Not really, when you’re walking through them with your Savior, who has already made that
journey before you. Folks, death is not truly an enemy to someone who knows Jesus Christ,
Who is the resurrection and the life. Death was part of the consequence of sin, but it wasn’t just
a punishment, it was also a gift so that you and I would not be trapped in this sinful, pain
infested body forever. I don’t know about you folks, but when the day comes I for one am
going to be glad to shed this shell. Death will release us to live forever without the
consequences of sin and it’s temptations…where
Slide: “Now the dwelling of God is with men, and he will live with them. They will be his
people, and God himself will be with them and be their God. 4 He will wipe every tear from
their eyes. There will be no more death or mourning or crying or pain, for the old order of
things has passed away.” (Revelation 21:3–4 NIV)
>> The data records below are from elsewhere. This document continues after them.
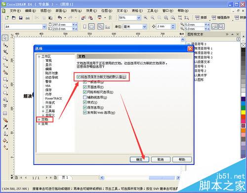 9、設置文檔保存。接上步彈出設置框,如圖,選擇“文檔”——“將選項保存為新文檔的默認值(D)”打鉤,然后確定,OK!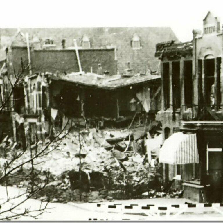 Bomschade Wybrand de Geeststraat, Leeuwarden 23 maart 1944, na mislukt bombardement vliegveld.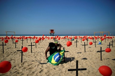 | Un homme prépare une cérémonie d'hommage aux victimes du COVID-19, sur la plage de Copacabana à Rio de Janeiro (Brésil), le 8 août. |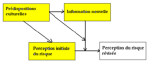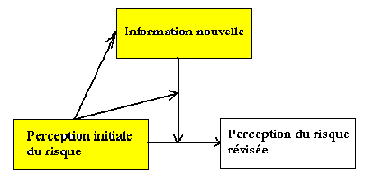 S’il s’avère que l’aptitude à apprendre de la personne est guidée par ses perceptions existantes, c’est-à-dire si sa recherche d’informations nouvelles est orientée de telle manière à privilégier les informations qui viendront conforter sa perception initiale du risque, alors cette personne va développer une attitude caractérisée par l’étroitesse de vues. Le processus d’acquisition d’information de type bayesien ne fonctionnera plus, car il n’y a plus de variable exogène, disparue et remplacée par une variable endogène figurée en jaune:
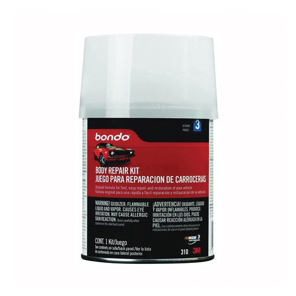 This Bondo® body repair kit contains everything you need to repair dents, rust holes, scratches and more on vehicle bodies and panels. Along with step-by-step instructions, this kit contains red cream hardener, a self-adhesive metal body patch, a spreader and the original Bondo® body filler the materials used by collision repair pros, in a money-saving kit for auto body repairs large and small.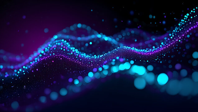 Abstract glowing blue and purple particles forming a wavy futuristic digital data stream on a dark background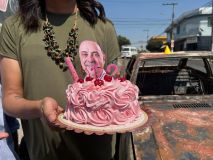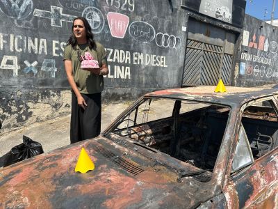 Nesta quinta-feira a candidata Duda Salabert (PDT) foi até o bairro Glória, região noroeste de Belo Horizonte, cantar “parabéns” para um carro abandonado na rua Martim Afonso de Souza. A deputada levou um bolo de aniversário com o rosto do prefeito Fuad Noman (PSD).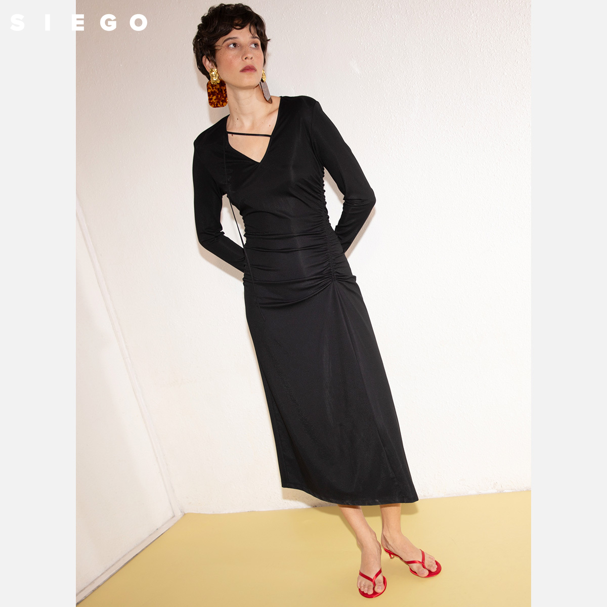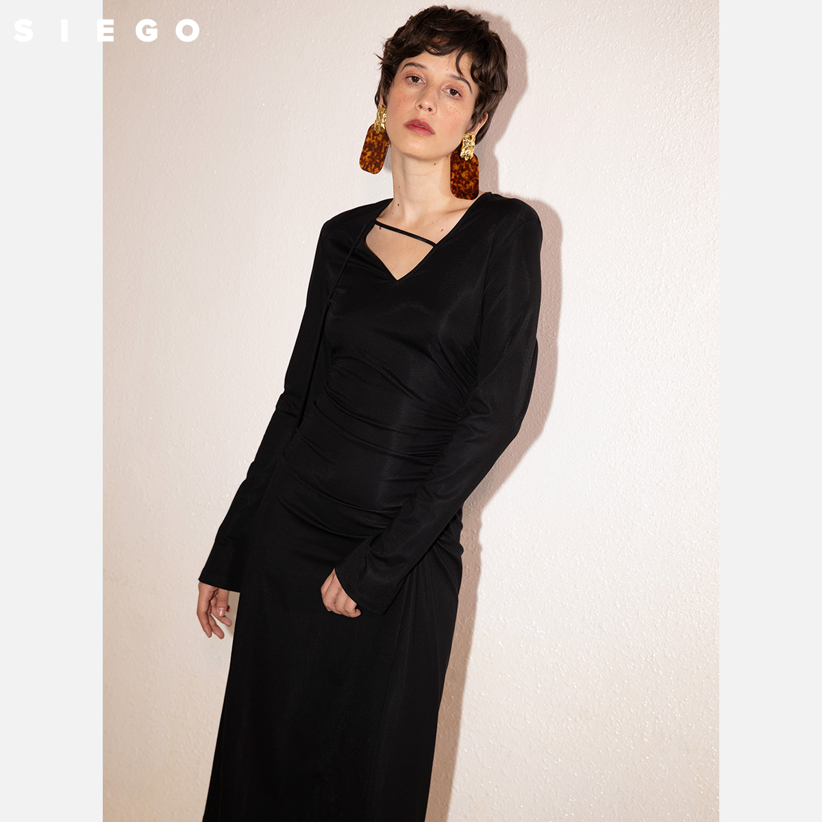 OCHIRLY欧时力 水溶棉V领针织连衣裙收腰A字软糯肌理感秋冬尖货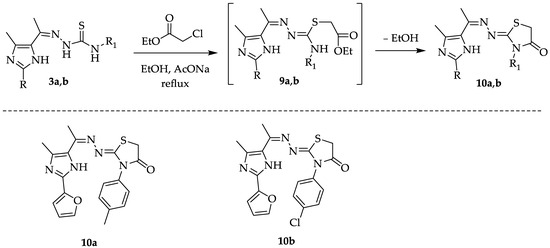 A mixture of carbothioamide derivatives 3a or 3b (1 mmol, 0.353 or 0.374 g), ethyl bromoacetate (1 mmol, 0.167 g), and sodium acetate (3 mmol, 0.246 g) in absolute ethanol (25 mL) was subjected to reflux for 2–3 h (TLC). The precipitate was acquired using filtration, followed by ethanol washing and recrystallization from EtOH, resulting in the formation of compounds 10a and 10b.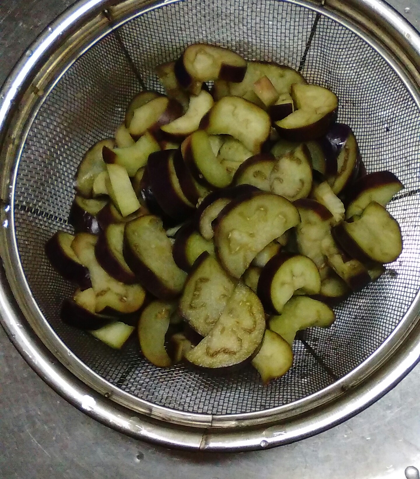 茄子が崩れないよう優しく水を切って下さい。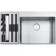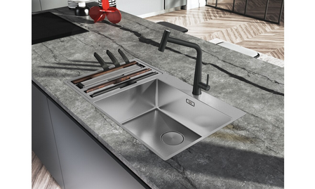 Nerezový dřez Box Center. Snadno kombinovatelné, skvěle organizované. Box Center je chytré a vysoce praktické řešení s krásným a přesvědčivým designem. Dva skvěle sloučené dřezy nabízejí prostor pro skladování a sušení často používaných kuchyňských doplňků, které jsou uloženy přímo tam, kde je nejvíce potřebujete. Cena zahrnuje: Doplňky: Miska, dřevěná přípravná deska, plastová přípravná deska, 3 nože vč. dřevěného držáku, odkapávač na nádobí, víko. Easy Click sítkový ventil 3 1/2" s přepadem a nerezovou krytkou ventilu. Sítkový ventil 3 1/2" s přepadem. Sifon pro úsporu místa 6/4" s odbočkou na myčku nádobí. Otvor pro baterii ∅ 35 mm a pro Easy Click knoflík ∅ 35 mm.

Next week we’re going to celebrate Mother’s Day. And I don’t like it that I don’t have my
Mom to call or visit or write. But I do like the example she left to our family, the character she
developed, the faith she displayed and the way she released her tired body into the hand of God
with her last words “I just want to go home now and be with Jesus.” She got her wish and I’m
glad for her. And I’ll see her again…and it is my goal to take all of you with me – (don’t get
nervous…not right away… – in God’s way and time, of course). So that one day, when we’re
done with all the questions and all the suffering of this life, we too will see our Savior, Jesus
face to face and all of our questions will fade away into the Joy of Jesus. Amen.